Poczucie wspólnoty jest fundamentem trwania narodu
Mam wrażenie, że ostatnie tygodnie wyborczej walki zachwiały nieco poczuciem lojalności i wzajemnym zaufaniem Polaków. Obustronne oskarżenia wykopały rowy nie tylko między politykami, lecz także między nami, wyborcami. A przecież poczucie wspólnoty jest fundamentem trwania każdego narodu i podstawowym warunkiem zachowania niepodległości i dobrze działającej demokracji. Warto przypomnieć sobie, gdzie ma początek nasza 18-letnia demokracja i dzięki komu zachwialiśmy pojałtańskim porządkiem w Europie, odzyskując suwerenność.
Autorytet JPII
Dzień Papieski został nieco przytłumiony przedwyborczą gorączką w mediach. Dlatego z mniejszą niż zwykle uwagą przyjęto wstępne wyniki badań, które Centrum Myśli Jana Pawła II w Warszawie przeprowadziło na przełomie września i października na reprezentatywnej grupie Polaków. Myślę, że warto do nich wrócić, mimo iż znamy tylko część udostępnionych prasie odpowiedzi na pytania kwestionariusza, bo pokazują, jacy jesteśmy i na ile w tym naszym „my” obecny jest Jan Paweł II.

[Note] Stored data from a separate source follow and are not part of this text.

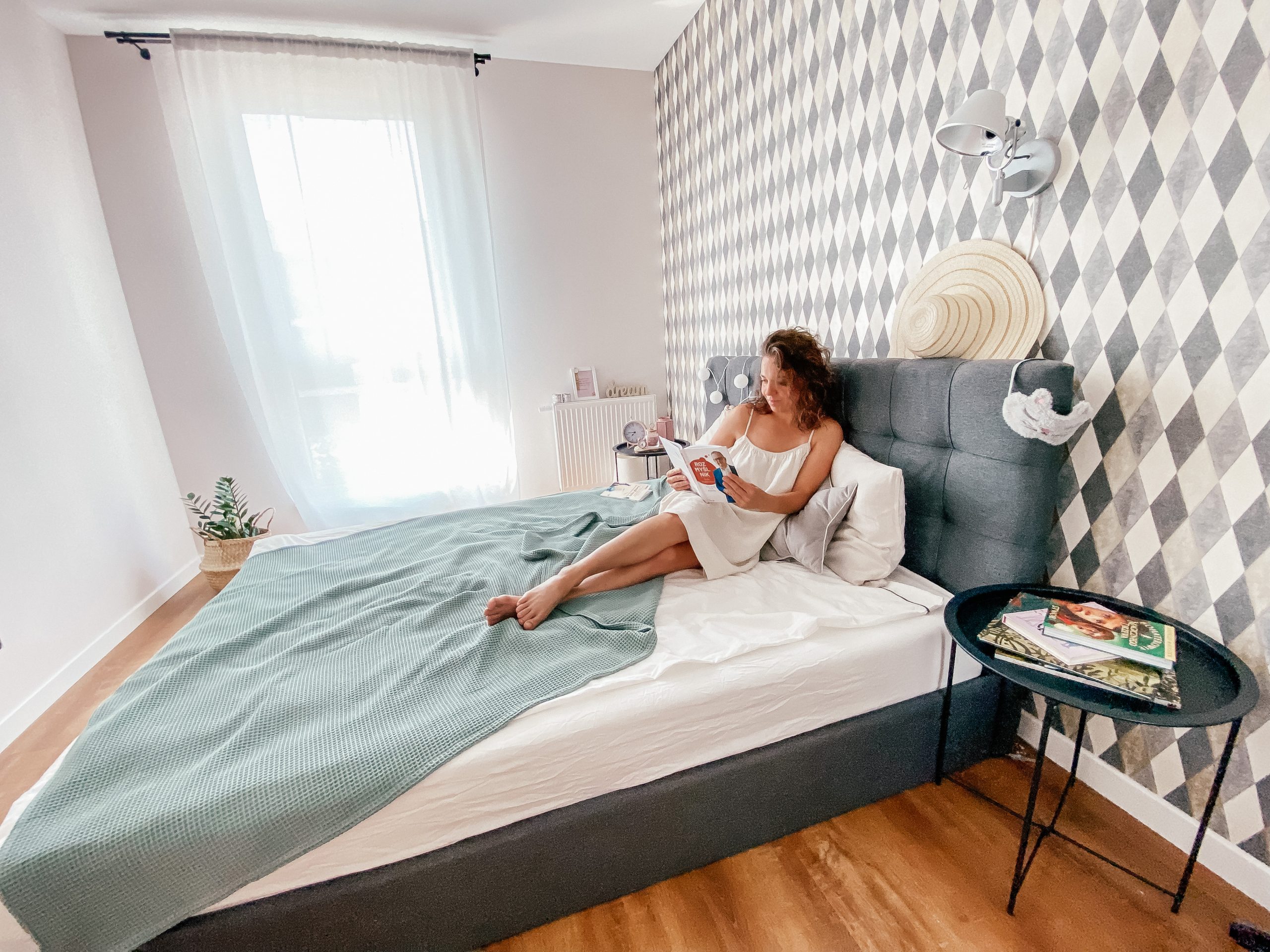 Ale wracając do TU i TERAZ. Sypialnia – aktualnie moja przestrzeń, w której uwielbiam odpoczywać od codzienności. To tutaj układam swoje myśli. To tutaj przychodzą mi do głowy najlepsze pomysły. Teraz czuję, że to miejsce jest jeszcze bardziej moje, od kiedy za zgodą właścicieli zrobiłam szybką metamorfozę na lato, by całość oddawała to, co aktualnie gra mi w duszy.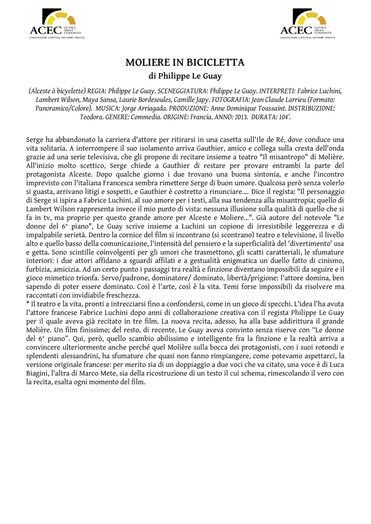MOLIERE IN BICICLETTA di Philippe Le Guay (Alceste à bicyclette) REGIA: Philippe Le Guay. SCENEGGIATURA: Philippe Le Guay. INTERPRETI: Fabrice Luchini, Lambert Wilson, Maya Sansa, Laurie Bordesoules, Camille Japy. FOTOGRAFIA: Jean Claude Larrieu (Formato: Panoramico/Colore). MUSICA: Jorge Arriagada. PRODUZIONE: Anne Dominique Toussaint. DISTRIBUZIONE: Teodora. GENERE: Commedia. ORIGINE: Francia. ANNO: 2013. DURATA: 104’. Serge ha abbandonato la carriera d'attore per ritirarsi in una casetta sull'ile de Ré, dove conduce una vita solitaria. A interrompere il suo isolamento arriva Gauthier, amico e collega sulla cresta dell'onda grazie ad una serie televisiva, che gli propone di recitare insieme a teatro "Il misantropo" di Molière. All'inizio molto scettico, Serge chiede a Gauthier di restare per provare entrambi la parte del protagonista Alceste. Dopo qualche giorno i due trovano una buona sintonia, e anche l'incontro imprevisto con l'italiana Francesca sembra rimettere Serge di buon umore. Qualcosa però senza volerlo si guasta, arrivano litigi e sospetti, e Gauthier è costretto a rinunciare…. Dice il regista: "Il personaggio di Serge si ispira a Fabrice Luchini, al suo amore per i testi, alla sua tendenza alla misantropia; quello di Lambert Wilson rappresenta invece il mio punto di vista: nessuna illusione sulla qualità di quello che si fa in tv, ma proprio per questo grande amore per Alceste e Moliere...". Già autore del notevole "Le donne del 6° piano", Le Guay scrive insieme a Luchini un copione di irresistibile leggerezza e di impalpabile serietà. Dentro la cornice del film si incontrano (si scontrano) teatro e televisione, il livello alto e quello basso della comunicazione, l'intensità del pensiero e la superficialità del 'divertimento' usa e getta. Sono scintille coinvolgenti per gli umori che trasmettono, gli scatti caratteriali, le sfumature interiori: i due attori affidano a sguardi affilati e a gestualità enigmatica un duello fatto di cinismo, furbizia, amicizia. Ad un certo punto i passaggi tra realtà e finzione diventano impossibili da seguire e il gioco mimetico trionfa. Servo/padrone, dominatore/ dominato, libertà/prigione: l'attore domina, ben sapendo di poter essere dominato. Così è l'arte, così è la vita. Temi forse impossibili da risolvere ma raccontati con invidiabile freschezza. * Il teatro e la vita, pronti a intrecciarsi fino a confondersi, come in un gioco di specchi. L'idea l'ha avuta l'attore francese Fabrice Luchini dopo anni di collaborazione creativa con il regista Philippe Le Guay per il quale aveva già recitato in tre film. La nuova recita, adesso, ha alla base addirittura il grande Molière. Un film finissimo; del resto, di recente, Le Guay aveva convinto senza riserve con “Le donne del 6° piano”. Qui, però, quello scambio abilissimo e intelligente fra la finzione e la realtà arriva a convincere ulteriormente anche perché quel Molière sulla bocca dei protagonisti, con i suoi rotondi e splendenti alessandrini, ha sfumature che quasi non fanno rimpiangere, come potevamo aspettarci, la versione originale francese: per merito sia di un doppiaggio a due voci che va citato, una voce è di Luca Biagini, l'altra di Marco Mete, sia della ricostruzione di un testo il cui schema, rimescolando il vero con la recita, esalta ogni momento del film.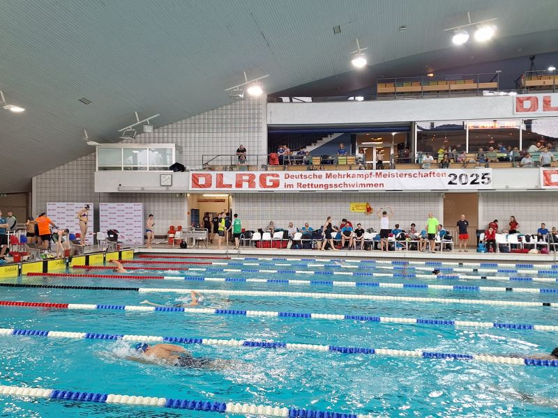 Damit war das Abenteuer Deutsche Meisterschaften für uns noch lange nicht zu Ende: Am Samstag, den 25.10.2025 haben wir uns die Mannschaftswettkämpfe der Altersklassen 17/18 und offen als Zuschauer angeschaut. Wir waren live dabei, als in der AK 17/18 männlich ein neuer Deutscher Rekord in der Rettungsstaffel erreicht wurde!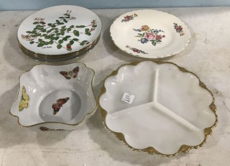 1114 Lucile Parker Collectible Plates, Milk Glass Gold Rim Dish, and Butterfly Candy Dish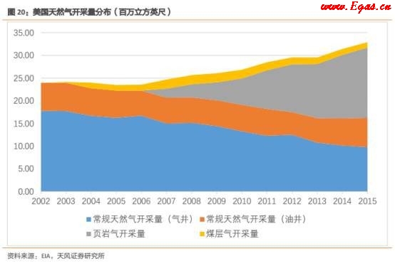 2002年之前,美國非常規(guī)天然氣的產(chǎn)量非常小,幾乎可以忽略。2002年之后,美國常規(guī)天然氣的產(chǎn)量出現(xiàn)了明顯下滑的趨勢。在煤層氣鉆井技術提高和政府財政補貼支持的雙重作用下,美國煤層氣產(chǎn)業(yè)在2002年之后進入了快速發(fā)展期,彌補了常規(guī)天然氣產(chǎn)量下滑的缺口。隨著頁巖氣革命的爆發(fā),2009年美國以6240億立方米的產(chǎn)量首次超過俄羅斯成為世界第一天然氣生產(chǎn)國,頁巖氣的產(chǎn)量快速爆發(fā),產(chǎn)量幾乎與常規(guī)天然氣相當。而煤層氣的產(chǎn)量則逐步穩(wěn)定下來且略有下降。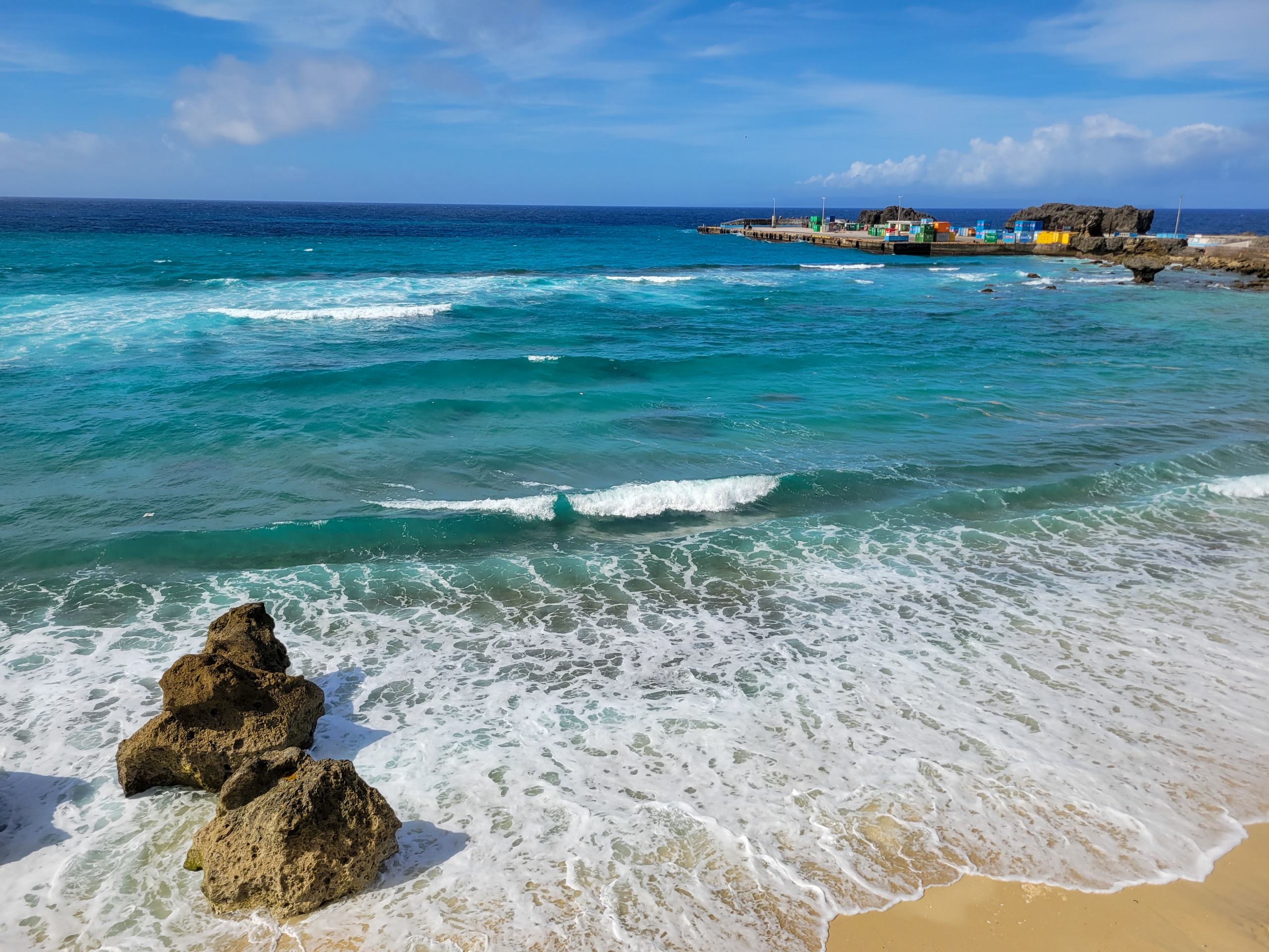 南からの波風を与論島が遮っていたようです。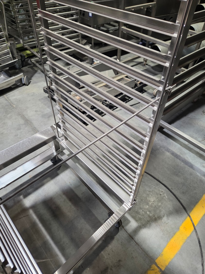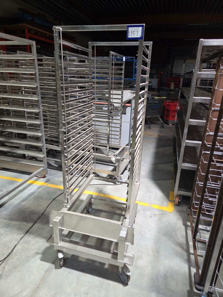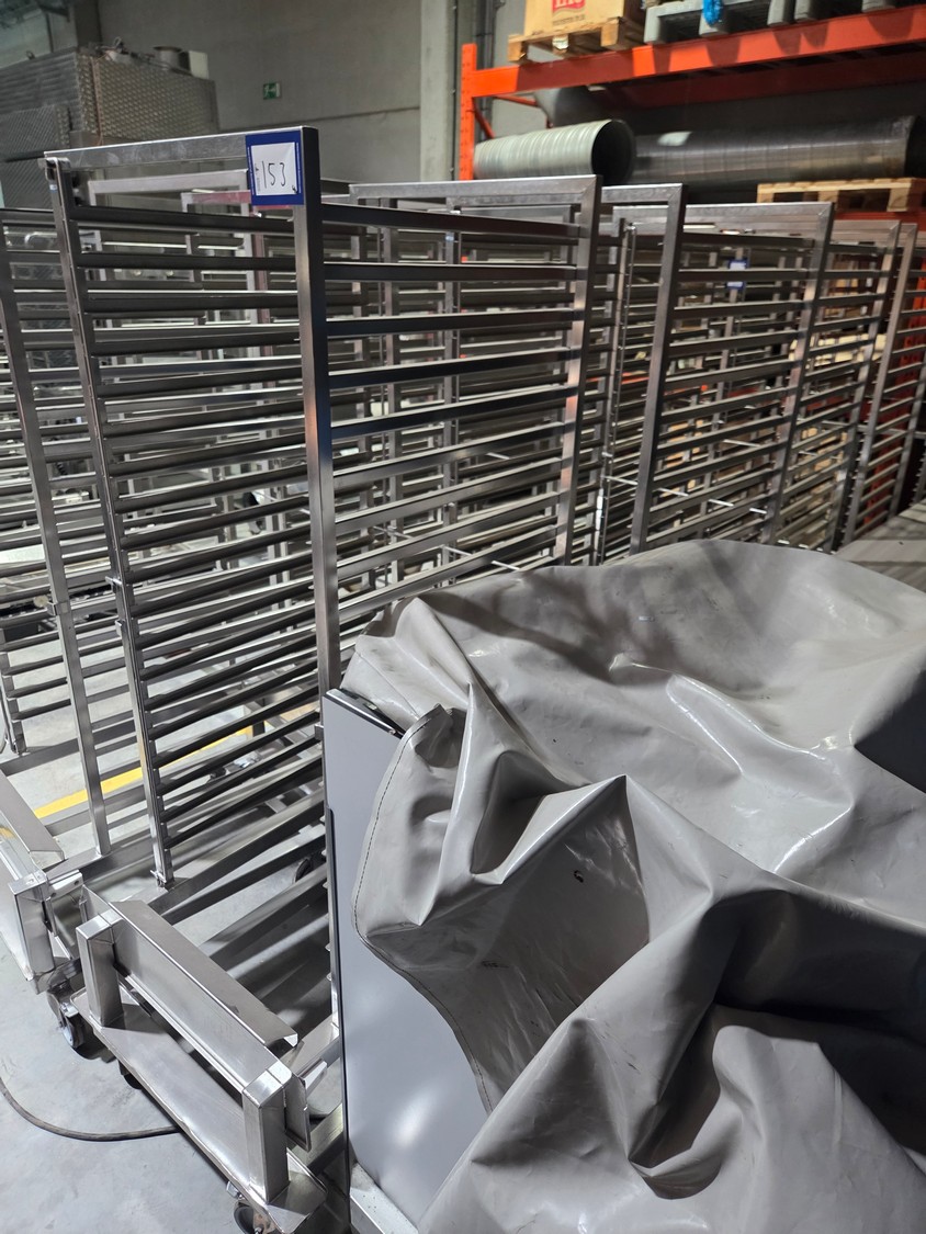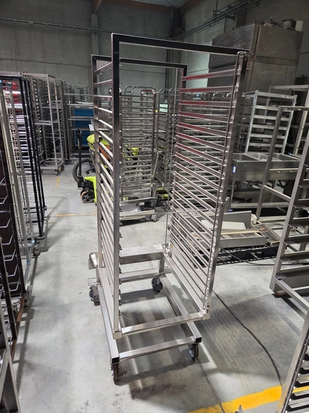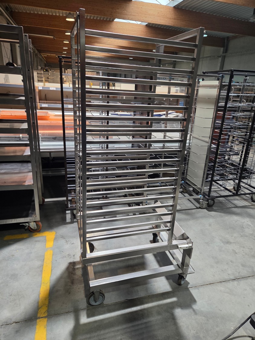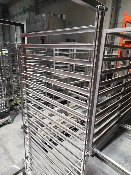 4 s/s trolleys for combi steamer, 20 floors each, dimensions floors: (20x) 650 mm x 535 mm, total dimensions: (4x) 850 mm x 750 mm x 1850 mm.

Nie jest zaskoczeniem, że prawie dla wszystkich Polaków (94 proc.) Jan Paweł II jest ważnym autorytetem moralnym, a zdecydowana większość (79 proc.) spośród nas zalicza siebie do ludzi, którzy kierują się jego wskazaniami. Jednak łatwiej przychodzi nam uznanie autorytetu niż przestrzeganie papieskiej nauki. Odpowiedź: „zdecydowanie” zaliczam siebie do grona tych, którzy wskazówki Ojca Świętego traktują poważnie, wybrało 28 proc. badanych, bardziej łagodną wersję, czyli „raczej” widzę siebie w tym gronie – prawie połowa badanych.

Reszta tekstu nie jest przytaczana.